Opening Note: This is one of the most defeating pieces I’ve ever sat down to write. I do not intend it as further demoralization in a sea of ubiquitous bad news and unprecedented unmooring. I intend it rather, as a modest addition to the beautiful calls issued by fellow educators in the past weeks to just Slow. Ourselves. Down. I am writing a series of quick autoethnographic snapshots of life as a graduate student-mother right now with the much more important intention of arguing that whatever I’m facing, students and workers with far less privilege and stability than I enjoy right now are facing much worse. At this time, we cannot prioritize academic rigor or “excellence,” whatever that means. We can at best attempt to provide some frameworks to help our students process what is happening (even though none of us really knows what is happening), or some modicum of distraction. Mostly though, we can model the urgency to choose care over “continuity.”

March 25, 2020Brown University announced yesterday that it would be freezing all hiring for the rest of this year, and for the 2020-2021 Fiscal Year. I feel like it’s only a matter of time before other schools follow suit. My plans for going on the job market next year are looking increasingly grim. And because of the bottle neck such a freeze will generate in all of academia, said plans will likely remain thwarted throughout the next year as well. Faced with shrinking job prospects in a market that already felt impossible, I’m experiencing a profound sense of disorientation as to what I should be spending my days doing.My life as a grad student mother before all this was very much defined by a house-of-cards balance between time and efficiency. But at least I had a relatively solid idea of what constituted an “efficient” use of my time (advancing on a dissertation chapter, applying for a grant, grading, prepping discussion section). But now I feel no anchor, no framework of rationality informing my decisions about what to do next. My husband and I are taking three-hour shifts to watch our thirteen-month old child. When I hand our baby-baton off to him and sit down at my desk, I stare at my computer screen not even knowing where to start. Should I be writing this piece or getting ahead a few weeks on recording my lectures because who knows what’s going to happen next?
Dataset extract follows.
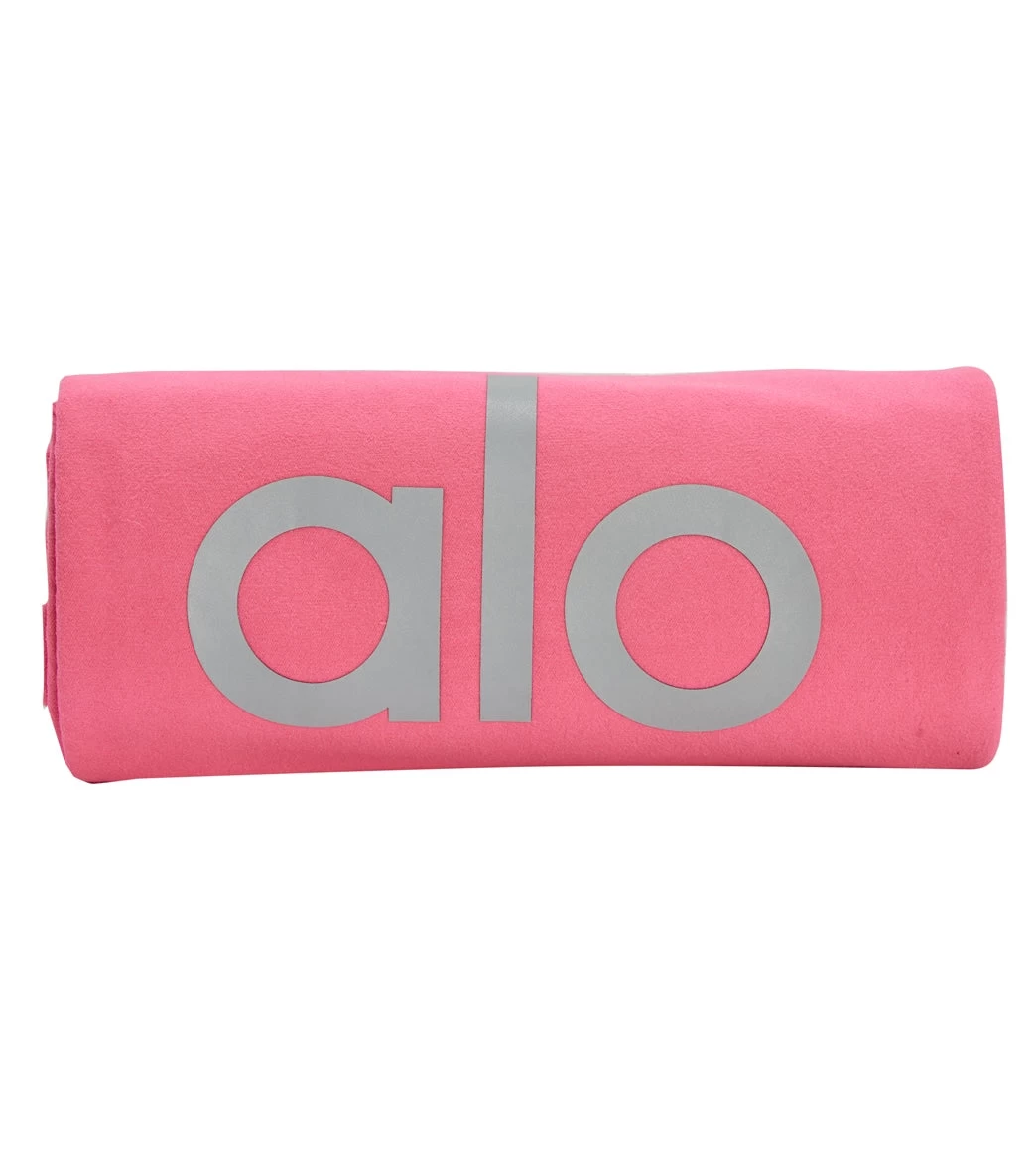 The Alo Yoga Grounded No-Slip Mat Towel features a soft front that absorbs sweat for maximum comfort and stability, plus a silicone-grip pattern backing sticks to your mat for a slip-free practice.

Should I go stock up on my anxiety medication because who knows what’s going to happen next (an uncertainty which, of course, is making me more anxious)? Should I call my parents in New York City yet again to yell at them to stop sitting on public benches during their beloved Central Park walks, because who knows what’s going to happen next? Should I say screw it all and just go spend time with my son and partner, because no matter what happens next, nothing else could ever matter more?

Despite my unmoored sense of what, exactly, constitutes an “efficient” use of time, I cannot stop obsessing about how best to squeeze a few more minutes out of an insufficient twenty-four hours I have in a day. If I put the baby in the bouncer in the bathroom and shower during my babycare shift, that’s fifteen minutes more to get stuff done during my working shift. If I do my run a little bit faster, I’ll have five-ten minutes to send an e-mail before the baby wakes up. If I type with one hand and nurse at the same time, maybe I can give my husband ten more minutes to work on his dissertation, and find some relief from this draining back and forth of feeling like every minute I take for myself is a minute robbed from him, and vice-versa. Maybe then, we won’t have a needless argument this evening about how he didn’t clean the dishes while I put the baby down – an argument that is about the dishes, but, as is the case with most marital spats, is also very much not about the dishes.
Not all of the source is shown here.